= Lars Johan Danbolt =

Norwegian priest

Lars Johan Danbolt (18 October 1895 – 7 June 1981) was a Norwegian priest.

He was born in Bergen as a son of tanner Ole Dominicus Danielsen (1863–1941) and Gesine Gauslaa (1866–1964), and brother of the professors Erling and Niels Danbolt. He finished his secondary education in 1914 and took the cand.theol. degree at the University of Oslo in 1919. In 1921 he married Benny Elisabeth Gabrielsen.

After serving briefly as a clergyman in Bergen and studying languages and history in Grenoble, he joined the mission in Madagascar in 1922. In 1927 he became a theology teacher at the Lutheran School of Clergy in Fianarantsoa, where he later served as rector from 1932 to 1939. He released a two-volume work on Luther in the Malagasy language in 1930 and 1935, and edited the local Lutheran church magazine from 1928 to 1930 and 1932 to 1938.

In 1939 he was appointed as vicar at Romedal Church. He then moved to Bærum Municipality in 1946 as curate in Østre Bærum. He was the vicar of Haslum from 1953 to 1965, then of Jar from 1965 to 1966. From 1959 to 1966 he was the dean in Asker and Bærum. He was a member of Bærum school board from 1950 to 1962.
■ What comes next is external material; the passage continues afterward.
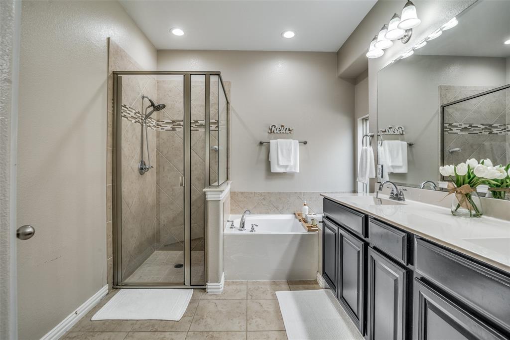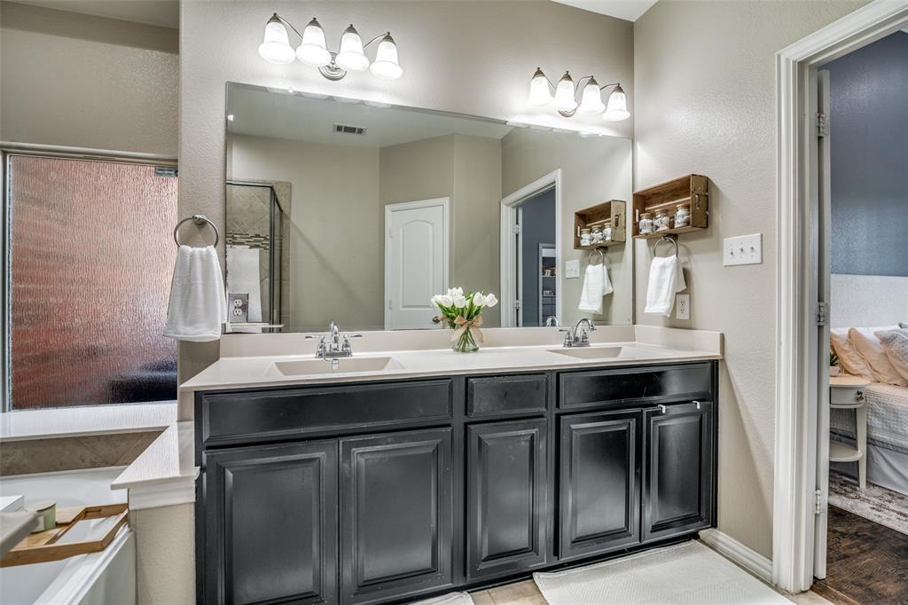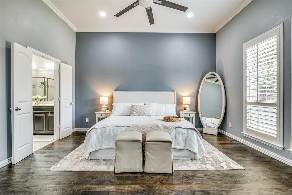 Welcome to this immaculate corner lot 2-story home featuring luxury and comfort just beyond the mature trees of Lake Ray Hubbard in the sought-after Rockwall ISD, Falcon Ridge Community! This home offers an incredible blend of comfort, functionality and spacious rooms & plantation shutters throughout the house windows. With a meticulously kept 4-bedroom, 2.5-bathroom, it offers an entrance room that can be used as an office, formal living area, or a formal dining room. You will step inside to a sun-filled open concept layout with a chef’s kitchen, perfect for entertaining your guests or simply enjoying a family meal cooked on your gas stove served on your large, renovated kitchen island. The elegant main bedroom located on the first floor, is perfect for a peaceful retreat, offering a custom closet, and a garden tub with a separate shower. Upstairs, you will have a spacious open area, perfect for a game room or second living area, ideal for family nights. Recent upgrades include new carpet, hardwood floors, large kitchen island, microwave, flat LED daylight lighting throughout the house, garage sensor lights, outdoor concrete slab, and outdoor motion lights.

He was also a teacher at the practical-theological seminary at the MF Norwegian School of Theology from 1948 to 1954. He was also a board member here from 1949, and chairman from 1956 to 1958. In both Hedmark and Oslo he was a regional board member of the Norwegian Missionary Society; he was also a board member of the Norwegian Association of Clergy from 1950 to 1952 and the Norwegian Bible Society from 1951 to 1965. He died in 1981 and was buried in Haslum.